I am trying to solve this question where I have to find P(A|B) given, $P(A) = p$ and, $P(B|A) = P(B’|A’) = 1-p$
Since, I don’t have P(B), direct Bayes theorem isn’t applicable but I have this hunch that the equality between the conditional probabilities can somehow be used to prove that events are independent and thus the answer comes out to p, but that’s just a hunch.

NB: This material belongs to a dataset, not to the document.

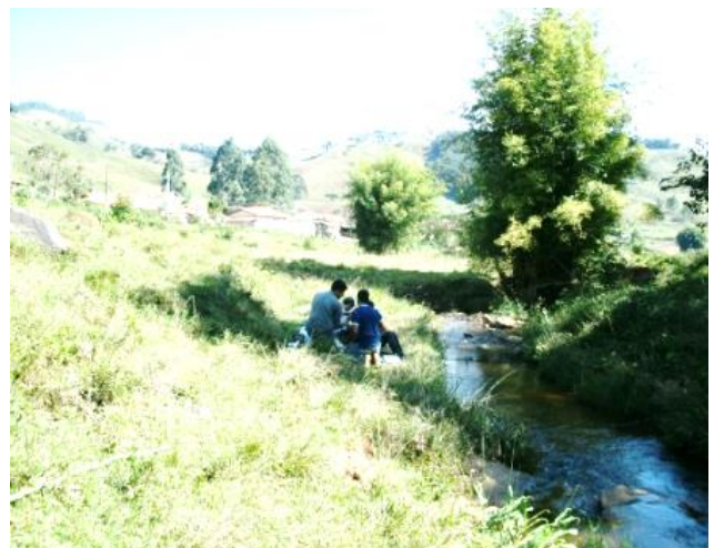
Pt. 7- Córrego Moreiras, Santa Rita do Ibitipoca

Figura 3: Fotografias de alguns pontos de amostragens apresentando a cobertura vegetal do entorno dos rios analisados conduzindo-nos a fazer reflexões sobre a vocação econômica da região e os impactos ambientais associados.

(edit) P(B’) means probability of B not happening. Same for A
According to the given information, one has that \begin{align*} \textbf{P}(B|A) = \textbf{P}(B^{c}|A^{c}) = 1 - p & \Longleftrightarrow \frac{\textbf{P}(A\cap B)}{\textbf{P}(A)} = \frac{\textbf{P}(A^{c}\cap B^{c})}{\textbf{P}(A^{c})} = 1-p\\\\ & \Longleftrightarrow \frac{\textbf{P}(A\cap B)}{p} = \frac{1 - \textbf{P}(A\cup B)}{1 - p} = 1 - p \end{align*}
Thus we conclude that \begin{align*} \begin{cases} \textbf{P}(A\cap B) = p(1-p)\\\\ \textbf{P}(A\cup B) = 2p - p^{2} \end{cases} & \Longrightarrow \textbf{P}(A) + \textbf{P}(B) - \textbf{P}(A\cap B) = p + \textbf{P}(B) - p(1-p) = 2p - p^{2}\\\\ & \Longrightarrow \textbf{P}(B) = 2p(1 - p) \Longrightarrow \textbf{P}(A|B) = \frac{\textbf{P}(A\cap B)}{\textbf{P}(B)} = \frac{p(1-p)}{2p(1-p)} = \frac{1}{2} \end{align*} and we are done.
Hopefully this helps.